O acordo anterior previa cotas de exportação para os EUA, permitindo ao Brasil enviar anualmente 3,5 milhões de toneladas de semiacabados/placas e 687 mil toneladas de laminados, flexibilizando a tarifa de 25% estabelecida originalmente por Trump. Esse regime foi benéfico para ambas as partes, pois, além de manter o Brasil no mercado norte-americano, supria a indústria americana com placas de aço, cuja produção interna é insuficiente. Em 2024, os EUA importaram 5,6 milhões de toneladas de placas, sendo 3,4 milhões provenientes do Brasil.

O Instituto Aço Brasil destacou que as exportações brasileiras sempre respeitaram integralmente as cotas estabelecidas, não havendo qualquer indicação de desvio de produtos de terceiros países para os Estados Unidos por meio do Brasil. A entidade também ressaltou que a indústria brasileira enfrenta uma concorrência desleal de importações de países como a China, o que levou o governo brasileiro a adotar medidas de defesa comercial, incluindo um regime de cota-tarifa para nove categorias de produtos siderúrgicos.

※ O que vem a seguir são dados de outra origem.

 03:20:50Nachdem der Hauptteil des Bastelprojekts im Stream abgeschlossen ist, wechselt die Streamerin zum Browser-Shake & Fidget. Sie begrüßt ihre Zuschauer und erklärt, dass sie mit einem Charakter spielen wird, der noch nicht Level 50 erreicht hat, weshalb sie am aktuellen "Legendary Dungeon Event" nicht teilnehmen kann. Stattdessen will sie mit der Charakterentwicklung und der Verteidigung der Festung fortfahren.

Historicamente, a relação comercial entre Brasil e Estados Unidos tem sido favorável ao lado americano. Nos últimos cinco anos, os EUA mantiveram um superávit médio de US$ 6 bilhões no comércio com o Brasil. No setor do aço, carvão e máquinas e equipamentos, o fluxo comercial entre os dois países alcança US$ 7,6 bilhões, com os EUA mantendo superávit de US$ 3 bilhões.

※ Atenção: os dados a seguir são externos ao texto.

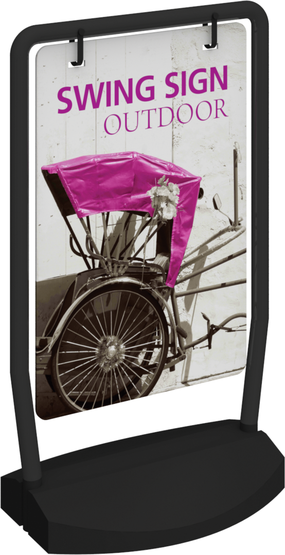 The Swing Outdoor Sign is a sleek and portable outdoor sign featuring an economy black steel tube frame, double ring mounting clips to keep graphic securely in place and wheeled, fillable base. The Swing Sign allows for easy graphic changes and replacements and comes with your choice of single or double-sided graphics printed on 6mm PVC board. The wheels make the sign easy to move!

Diante do novo cenário, o Instituto Aço Brasil e empresas do setor esperam que os governos dos dois países retomem o diálogo para restaurar os termos acordados em 2018. A entidade acredita que a imposição da tarifa de 25% trará prejuízos tanto para o Brasil quanto para os Estados Unidos, comprometendo a parceria comercial de longa data entre os dois países. Tal decisão, se realmente for mantida, poderá prejudicar a produção e faturamento da Usiminas e das demais empresas do segmento.